*REQUIRED ACTION:*
Work through the listing below and give again exactly the lines from the one with "Our team partnered" to the one with "Sängynrunko LED-valoilla ruskea", both ends included. All other lines and all pictures stay out.

*EXCERPTED RECORDS:*
───
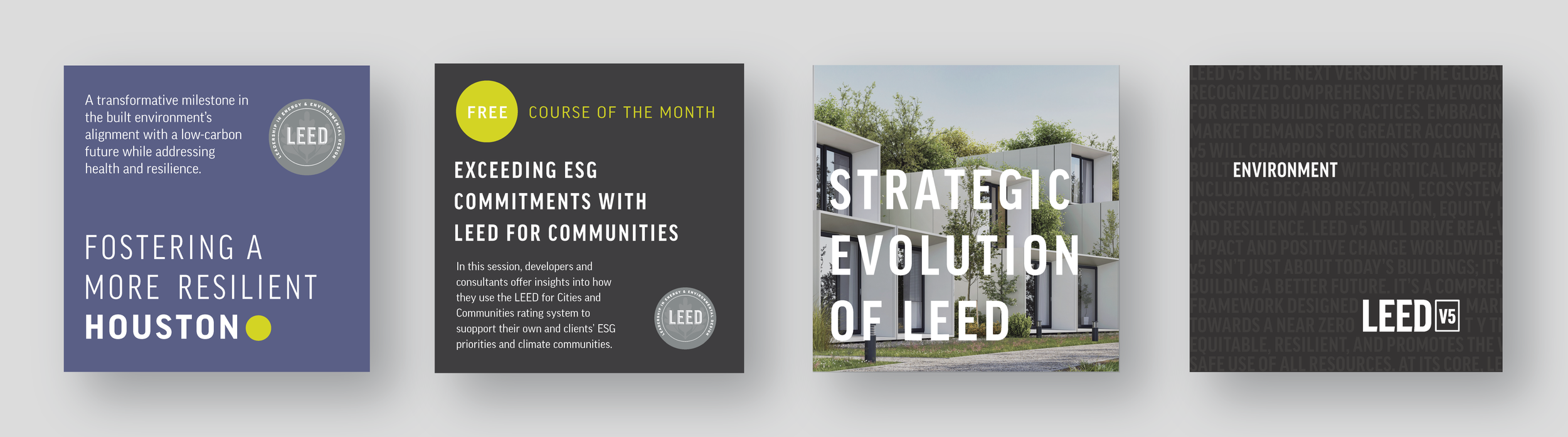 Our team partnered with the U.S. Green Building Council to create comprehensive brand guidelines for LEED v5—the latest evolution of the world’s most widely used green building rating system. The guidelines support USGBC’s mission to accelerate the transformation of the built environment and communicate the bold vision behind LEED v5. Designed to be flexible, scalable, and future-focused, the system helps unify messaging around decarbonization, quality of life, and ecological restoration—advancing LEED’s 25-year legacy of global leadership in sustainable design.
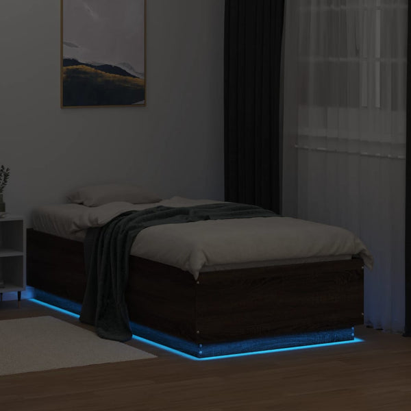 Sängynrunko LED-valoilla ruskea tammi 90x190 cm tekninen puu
───
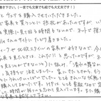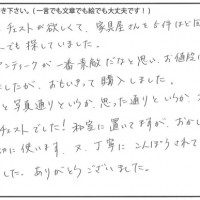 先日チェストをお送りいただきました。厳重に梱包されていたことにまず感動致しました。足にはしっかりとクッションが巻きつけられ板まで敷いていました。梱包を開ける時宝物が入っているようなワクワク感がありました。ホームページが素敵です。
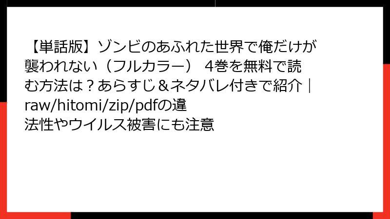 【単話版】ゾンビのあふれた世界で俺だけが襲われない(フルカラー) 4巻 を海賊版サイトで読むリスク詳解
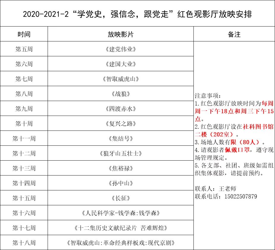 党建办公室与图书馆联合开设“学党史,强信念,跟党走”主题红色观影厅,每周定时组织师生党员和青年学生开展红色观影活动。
───
*FINISHED TASK:*
 Our team partnered with the U.S. Green Building Council to create comprehensive brand guidelines for LEED v5—the latest evolution of the world’s most widely used green building rating system. The guidelines support USGBC’s mission to accelerate the transformation of the built environment and communicate the bold vision behind LEED v5. Designed to be flexible, scalable, and future-focused, the system helps unify messaging around decarbonization, quality of life, and ecological restoration—advancing LEED’s 25-year legacy of global leadership in sustainable design.
 Sängynrunko LED-valoilla ruskea tammi 90x190 cm tekninen puu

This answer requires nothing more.